Multiplication of Hazard in Gompertz-Makeham Distributions
There are frequently no published survival tables for particular subsets of a population. What actuaries will then sometimes do in order to obtain needed figures such as net single premiums or reserves is to assume that the hazard faced by that subset is, for all periods in a person's lifetime, a constant multiple of the hazard published in an accepted table. Thus, an actuary might assume (or have data showing) that the hazard for male diabetic smokers is 2.3 times the hazard for males published in the 2001 Commissioners Standard Ordinary (CSO) mortality table.[more]
This Demonstration permits you to construct a baseline mortality table from the Gompertz–Makeham family by specifying the mean and standard deviation of life expectancy at birth. You then create a modified distribution by selecting an inception age—a point in time such as the purchase of a life insurance policy at which you know the individual is alive—and changing the hazard multiple. You then choose various visualizations (such as survival functions and probability density functions) of the resulting statistical distribution. The Demonstration likewise computes the new mean life expectancy both from birth and from some inception point (such as the purchase of a life insurance policy) at which we know the individual is alive.[less]

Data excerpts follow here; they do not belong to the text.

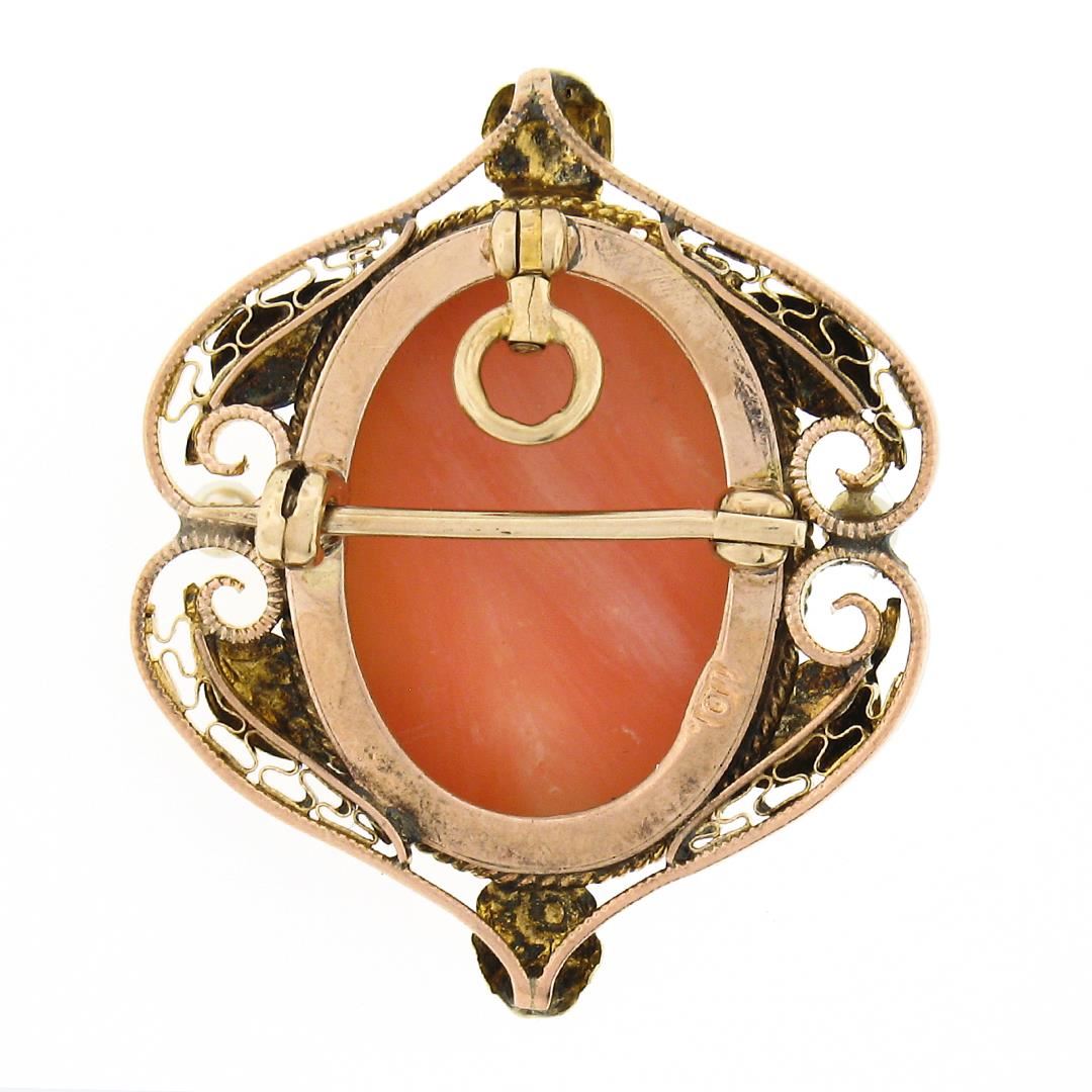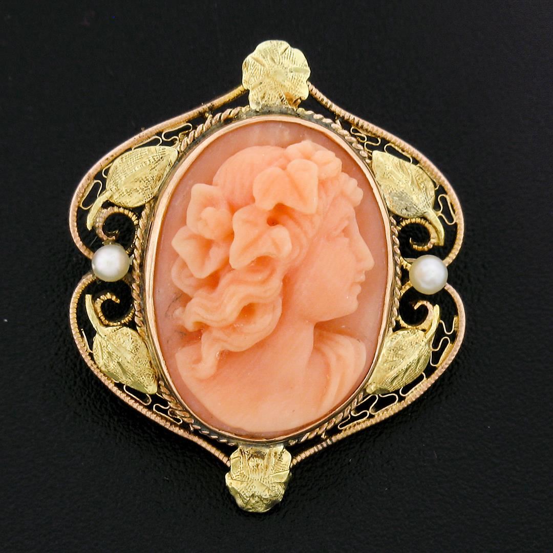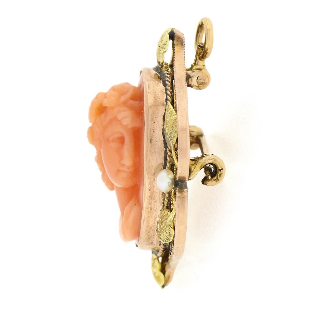 An antique solid 10k yellow gold brooch pendant, with 1 oval shape carved cameo coral (18.5x14.1mm), and 2 round shape cultured seed pearls (2.4mm each ). Measures 28.3x24mm and weighs a total of 5.27 grams.
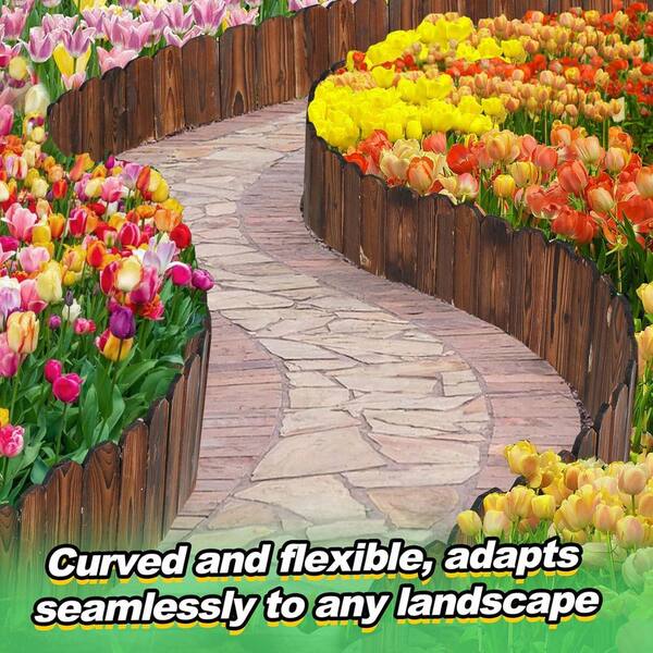 12 in. Pine Wood Garden Fence Rustic Easy Install Sturdy Landscape Edging No Fading for Yard Flower Bed Pathway
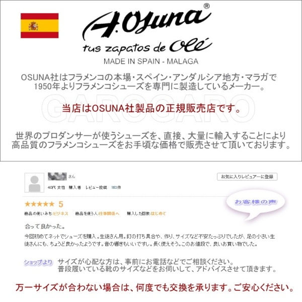 ★アウトレット品です★ 使用に問題はありませんが、入荷してから5年以上経過している商品です。 在庫限りで販売終了予定の売り切り商品です。 返品交換は可能ですが、在庫がわずかで、同じ商品の他のサイズへの交換が難しいため、お客様都合での返品か、別の商品への交換になります。 当店がわけありと判断した商品については、さらにお値引きしております。 以上ご理解の上、ご注文ください。 --- おすすめポイント: 初めてのフラメンコシューズに最適な釘のついた入門用シューズです。 中級者も満足のできる品質です。 ゴムベルトのシューズは、着脱が楽で早く出来る、バックルが無いのでマントンなどのフレコ(フリンジ) が引っ掛からないというような利点があります。 OSUNA(オスーナ) は、日本人にうれしい、幅の広い木型で作られています。 足に馴染みやすい柔らかい革質です。 サイズ交換は何度でも承ります。遠慮なくご相談ください。 同じ商品とのサイズ交換はできない場合は、在庫のある他のモデルへの交換などで対応可能です。 --- 素材: 牛革 Piel (表皮) サイズ(cm): 選択オプションに記載の対応日本サイズをご確認ください。 (掲載のサイズは製品の実測値です。多少の個体差がありますがご容赦ください。) |
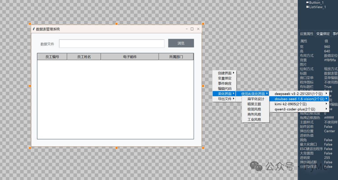 PyMe深度集成大语言模型,支持在代码编写时调用大模型来基于上下文生成代码,也支持在完成界面设计后通过大模型美化界面,大大降低开发和设计门槛。为软件产品的快速完成提供智能保障。
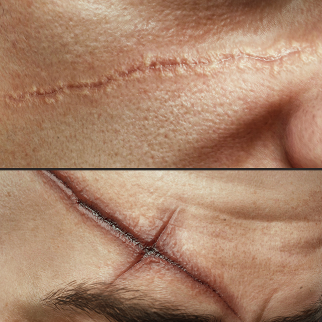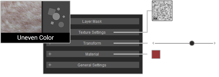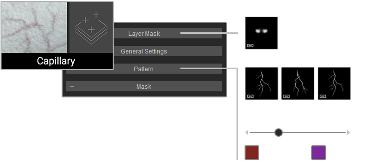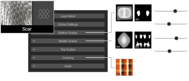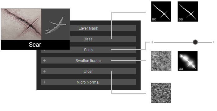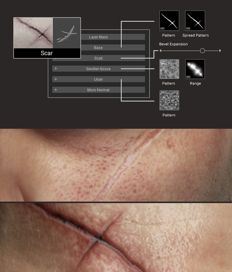Based on real-life scar tissue, there are four parts to the Scar tool: Base, Scab, Swollen Tissue and Ulcer. You can define the scar shape by applying one Alpha range image on the Base layer, and create swollen, ulcer effects by applying an Alpha range image and pattern images on Swollen Tissue and Ulcer. Easily create scars in different stages like a fresh scars, old crusty scabs, and more.

The Gompertz–Makeham distribution has the property that a multiple of the hazard function creates a new distribution that is still within the Gompertz–Makeham family. Many distributions lack this property.
If you select a very low mean baseline life expectancy and a low baseline standard deviation, the Demonstration will modify your selected inception age in order to prevent numeric errors due to the fact that essentially everyone will be dead at your original inception age.